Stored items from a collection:
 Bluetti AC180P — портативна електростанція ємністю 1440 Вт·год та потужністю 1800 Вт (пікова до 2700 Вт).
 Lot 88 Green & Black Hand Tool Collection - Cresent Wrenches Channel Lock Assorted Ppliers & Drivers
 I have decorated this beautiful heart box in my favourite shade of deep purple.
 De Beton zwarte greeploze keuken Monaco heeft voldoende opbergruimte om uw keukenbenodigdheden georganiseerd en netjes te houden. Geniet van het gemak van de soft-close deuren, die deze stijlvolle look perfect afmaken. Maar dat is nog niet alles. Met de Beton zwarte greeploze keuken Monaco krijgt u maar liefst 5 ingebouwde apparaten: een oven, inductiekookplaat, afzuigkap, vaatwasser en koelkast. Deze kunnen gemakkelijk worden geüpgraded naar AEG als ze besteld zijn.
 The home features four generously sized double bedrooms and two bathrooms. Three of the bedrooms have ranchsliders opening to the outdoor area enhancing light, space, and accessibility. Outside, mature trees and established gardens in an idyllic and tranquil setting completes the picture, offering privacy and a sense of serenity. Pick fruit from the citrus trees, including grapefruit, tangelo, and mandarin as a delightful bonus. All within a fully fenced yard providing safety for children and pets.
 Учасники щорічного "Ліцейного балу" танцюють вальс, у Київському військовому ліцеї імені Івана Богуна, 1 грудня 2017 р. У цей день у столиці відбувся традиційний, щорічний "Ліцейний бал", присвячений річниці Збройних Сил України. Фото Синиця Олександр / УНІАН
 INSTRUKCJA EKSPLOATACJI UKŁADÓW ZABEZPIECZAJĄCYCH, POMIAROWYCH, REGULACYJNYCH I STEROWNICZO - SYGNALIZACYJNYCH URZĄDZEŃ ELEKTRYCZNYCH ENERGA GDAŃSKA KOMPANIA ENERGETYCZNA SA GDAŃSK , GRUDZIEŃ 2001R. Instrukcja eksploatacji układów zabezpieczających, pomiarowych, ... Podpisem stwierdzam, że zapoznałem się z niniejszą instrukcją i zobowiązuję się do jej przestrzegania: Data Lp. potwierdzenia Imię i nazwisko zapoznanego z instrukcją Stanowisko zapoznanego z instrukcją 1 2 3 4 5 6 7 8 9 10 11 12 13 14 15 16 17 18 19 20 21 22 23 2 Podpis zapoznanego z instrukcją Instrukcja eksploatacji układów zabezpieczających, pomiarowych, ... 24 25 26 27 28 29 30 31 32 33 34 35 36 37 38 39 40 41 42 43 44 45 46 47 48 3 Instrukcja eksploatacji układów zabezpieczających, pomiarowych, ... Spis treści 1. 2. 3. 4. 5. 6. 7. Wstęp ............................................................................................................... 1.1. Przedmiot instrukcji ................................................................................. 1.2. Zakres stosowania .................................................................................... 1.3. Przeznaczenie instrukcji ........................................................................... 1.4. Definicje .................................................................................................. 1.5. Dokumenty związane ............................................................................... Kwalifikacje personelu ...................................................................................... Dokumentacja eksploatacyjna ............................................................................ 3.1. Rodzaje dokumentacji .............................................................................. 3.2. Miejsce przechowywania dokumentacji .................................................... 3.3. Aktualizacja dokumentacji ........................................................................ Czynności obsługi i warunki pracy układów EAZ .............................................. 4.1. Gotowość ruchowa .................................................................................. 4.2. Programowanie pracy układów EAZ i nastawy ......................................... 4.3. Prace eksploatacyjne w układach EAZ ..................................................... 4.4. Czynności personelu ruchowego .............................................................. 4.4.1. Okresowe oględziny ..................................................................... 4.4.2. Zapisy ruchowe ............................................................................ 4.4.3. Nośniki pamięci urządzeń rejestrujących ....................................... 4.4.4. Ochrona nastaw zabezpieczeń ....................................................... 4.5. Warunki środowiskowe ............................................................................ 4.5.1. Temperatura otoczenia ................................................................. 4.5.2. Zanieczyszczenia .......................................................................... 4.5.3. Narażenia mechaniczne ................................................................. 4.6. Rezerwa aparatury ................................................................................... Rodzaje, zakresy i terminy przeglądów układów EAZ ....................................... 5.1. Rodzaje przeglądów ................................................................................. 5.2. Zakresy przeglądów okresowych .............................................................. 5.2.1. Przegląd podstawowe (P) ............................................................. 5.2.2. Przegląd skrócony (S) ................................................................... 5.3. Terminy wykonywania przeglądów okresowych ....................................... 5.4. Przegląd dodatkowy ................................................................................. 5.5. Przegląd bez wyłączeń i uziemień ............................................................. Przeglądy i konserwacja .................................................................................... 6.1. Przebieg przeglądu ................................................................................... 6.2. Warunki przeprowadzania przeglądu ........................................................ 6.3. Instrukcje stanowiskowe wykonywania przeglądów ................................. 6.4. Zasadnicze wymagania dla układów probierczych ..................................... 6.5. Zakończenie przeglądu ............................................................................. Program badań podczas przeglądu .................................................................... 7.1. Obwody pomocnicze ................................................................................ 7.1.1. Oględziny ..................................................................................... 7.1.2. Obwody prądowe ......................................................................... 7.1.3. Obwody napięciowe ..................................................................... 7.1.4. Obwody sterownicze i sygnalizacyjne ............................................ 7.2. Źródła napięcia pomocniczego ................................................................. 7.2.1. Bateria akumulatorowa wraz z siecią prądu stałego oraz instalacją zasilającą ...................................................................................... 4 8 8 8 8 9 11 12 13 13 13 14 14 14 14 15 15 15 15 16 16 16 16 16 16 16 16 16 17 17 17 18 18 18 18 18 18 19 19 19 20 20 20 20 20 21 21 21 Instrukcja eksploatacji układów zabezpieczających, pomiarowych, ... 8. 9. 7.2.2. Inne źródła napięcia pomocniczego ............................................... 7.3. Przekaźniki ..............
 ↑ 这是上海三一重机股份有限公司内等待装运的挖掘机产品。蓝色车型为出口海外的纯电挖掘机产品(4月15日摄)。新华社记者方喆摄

= Task objective =
From the entries above, give again exactly the lines running from the line with "The home features" to the line with "Олександр / УНІАН"; include both of those lines.

= Finished task =
 The home features four generously sized double bedrooms and two bathrooms. Three of the bedrooms have ranchsliders opening to the outdoor area enhancing light, space, and accessibility. Outside, mature trees and established gardens in an idyllic and tranquil setting completes the picture, offering privacy and a sense of serenity. Pick fruit from the citrus trees, including grapefruit, tangelo, and mandarin as a delightful bonus. All within a fully fenced yard providing safety for children and pets.
 Учасники щорічного "Ліцейного балу" танцюють вальс, у Київському військовому ліцеї імені Івана Богуна, 1 грудня 2017 р. У цей день у столиці відбувся традиційний, щорічний "Ліцейний бал", присвячений річниці Збройних Сил України. Фото Синиця Олександр / УНІАН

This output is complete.